A few years after purchasing the Ponce de Leon’s Fountain of Youth in 1927, Mr. Walter Fraser elected to plant some citrus trees in the southern part of the area. In 1934, a gardener was planting orange trees when he discovered a skeleton. The police were called, and it was quickly established that the remains were that of an aboriginal Native American. Further research by the Smithsonian Institution revealed that the entire area was covered with the graves of the first Christianized Native American burials in the United States. Some estimates place the number of burials at over 4,000. Over forty years later, the pattern of burials revealed the location of the 1587 Franciscan Mission of Nombre de Dios, the First Christian Mission in the United States – right here at Ponce de Leon’s Fountain of Youth Archaeological Park!

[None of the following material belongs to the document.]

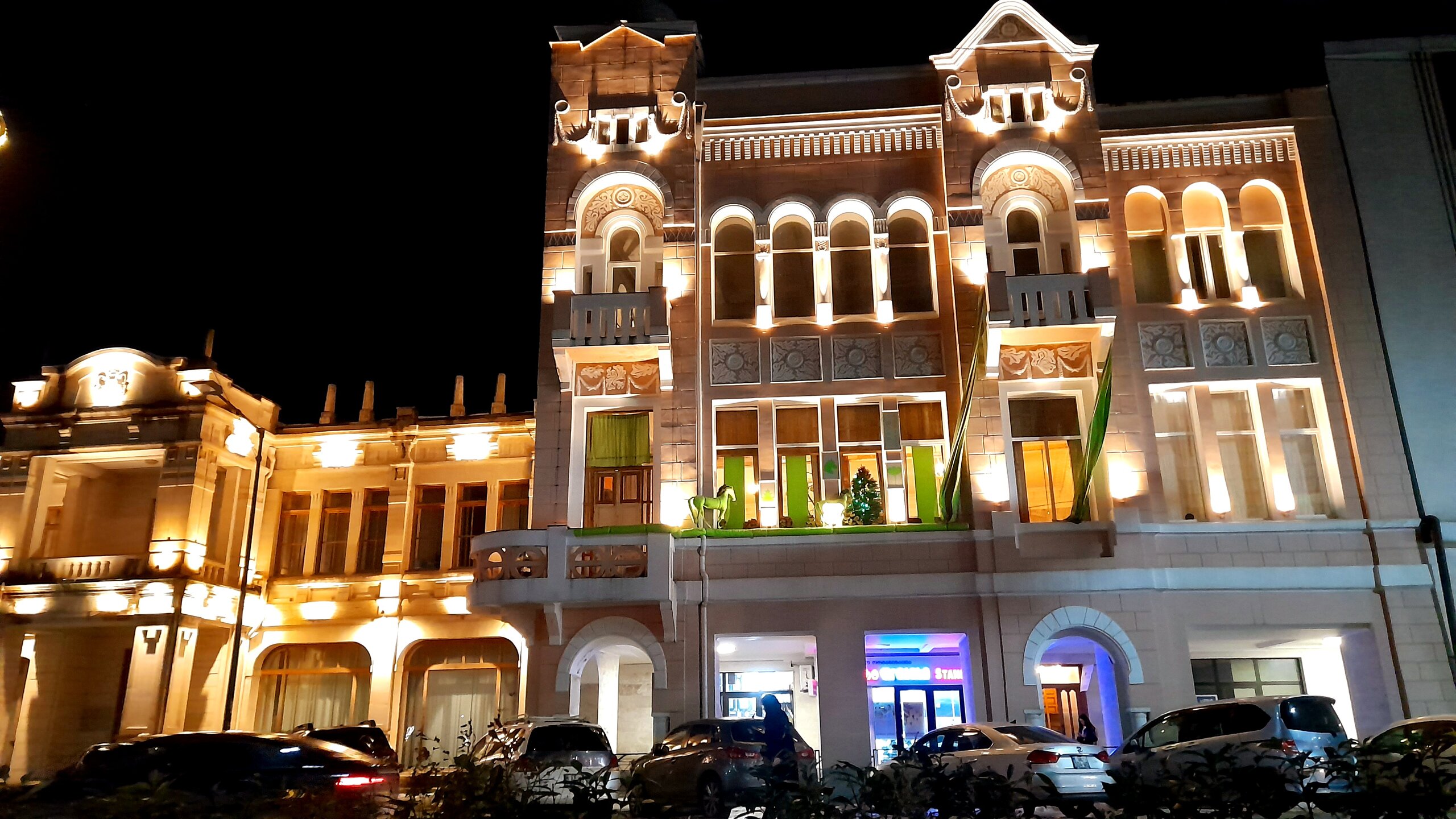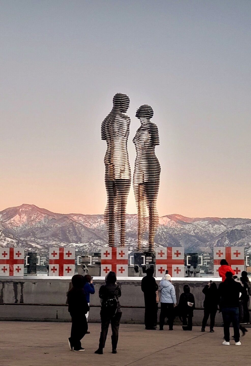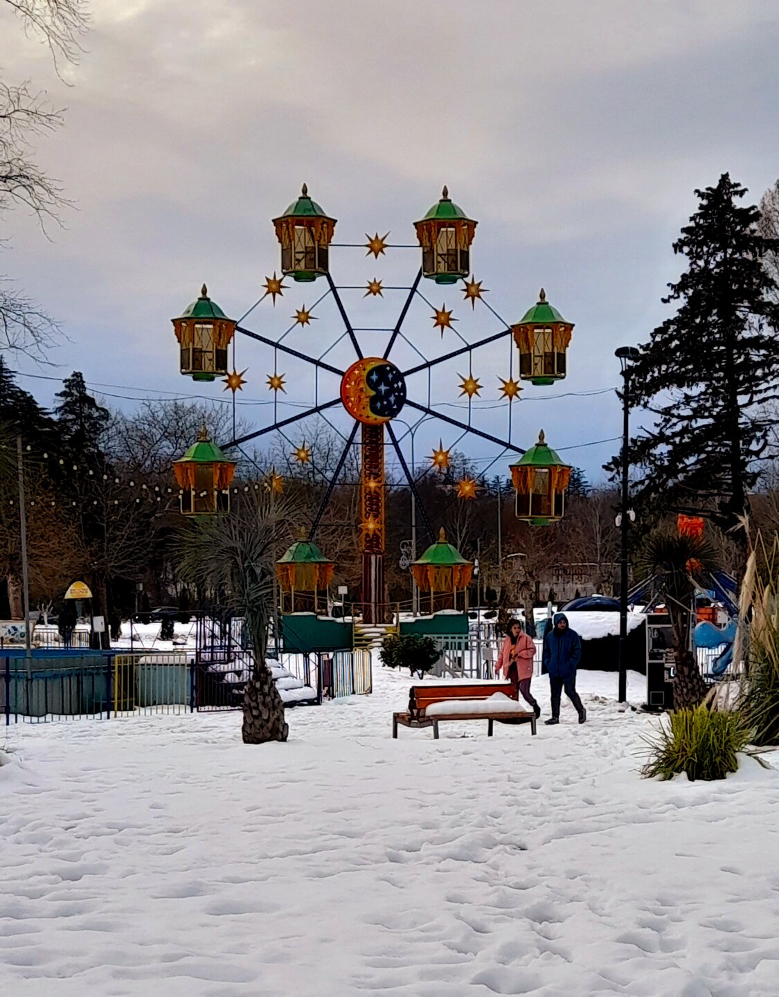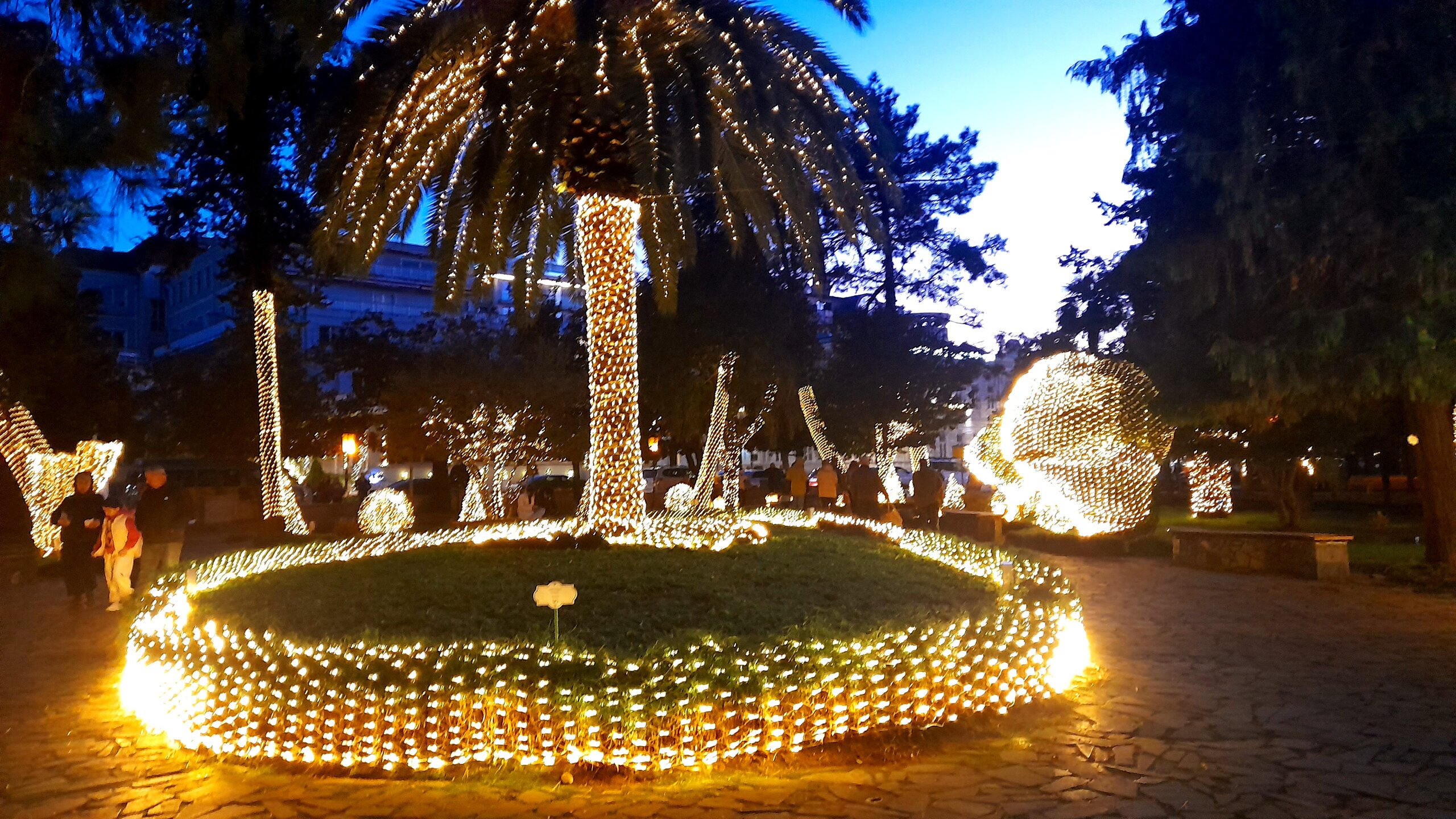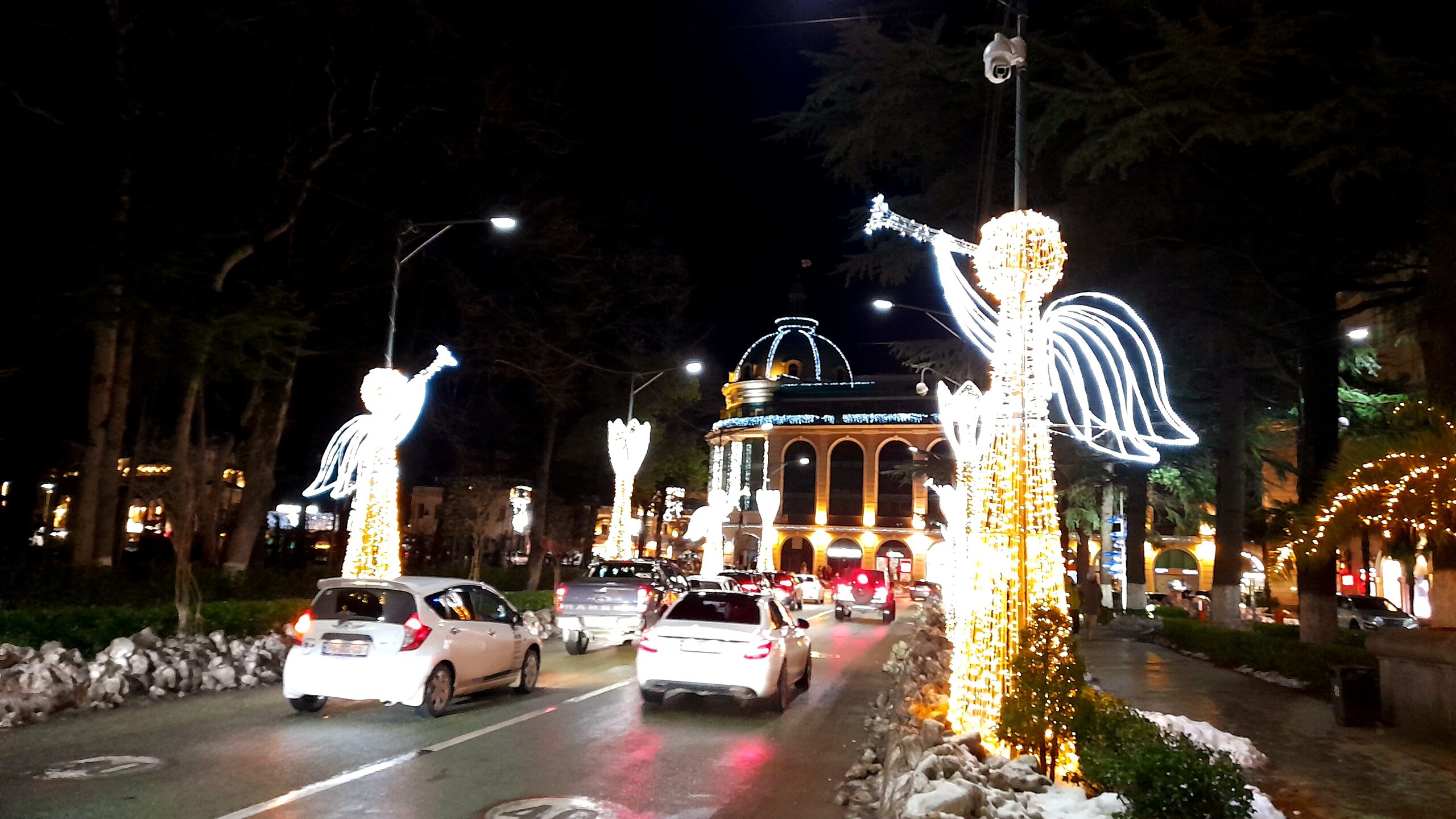 ВЕЧЕРНЯЯ ПРОГУЛКА ПО БАТУМИ. (продолжение) 2 января. Направляюсь на набережную Батуми или Батумский бульвар. Поражают высоченные отели, как этот Radisson Или эта батумская башня Le Meridien Batumi с казино Empire. Самое высокое здание в центре Батуми. На одном из верхних этажей в него встроено колесо обозрения ! Вечером шпиль этого здания меняет цвет подсветки, очень красиво. К тому же оно хорошо видно практически из любого места центра Батуми. А Ну а теперь подхожу к Алфавитной башне, маяку, колесу обозрения, которые я вчера прошёл с наступлением темноты под аккомпанемент дождя. Ну и к скульптурам Али и Нино подошёл. Далее выхожу на Бульвар, зелёный участок между морем высотными застройками, наподобие показанных выше. Начинает темнеть, и я углубляюсь в парковую зону Бульвара. На главной площади Бульвара - скульптура "Танцующая фея" и светомузыкальные фонтаны. А вот и видеофрагмент работы светомузыкальных фонтанов. 20260102_181338.mp4 Подхожу к торжественной колоннаде. Одна из достопримечательностей Бульвара - уникальное деревянное здание Летнего театра. В парке есть шахматный клуб, теннисный корт и спортивные площадки, но их лучше смотреть при дневном свете. А сейчас любуюсь красотой парка в свете тысяч лампочек подсветки. Дохожу до Шератон отеля с очередным казино. Возвращаюсь на площадь Европы, спустя немногим более часа. В ярких огнях площадь заиграла новыми красками, количество её посетителей кратно увеличилось. Пора и отдохнуть. Возвращаюсь в отель, по пути уже знакомый мне кафедральный собор. За день пройдено 31376 шагов (около 22 км). Насыщенный событиями день. Завтра - снова выездная экскурсия (на этот раз - групповая).

Over time, a large number of Timucua burials were exposed in the Park, and the “Indian Burial Ground” became a part of the memories of tens of thousands of Florida schoolchildren. As the years passed, increasing sensitivity to the customs and culture of Native Americans prompted the December, 1991 reinterment of the remains, together with a full solemn Catholic Mass.
“St. Augustine, Florida is the first area in the continental United States where a European culture successfully blended with a native aboriginal culture over time, creating a unique fusion of cultures – Spanish and Timucua at first, and then African, French, English, Irish and Southeastern aboriginal American.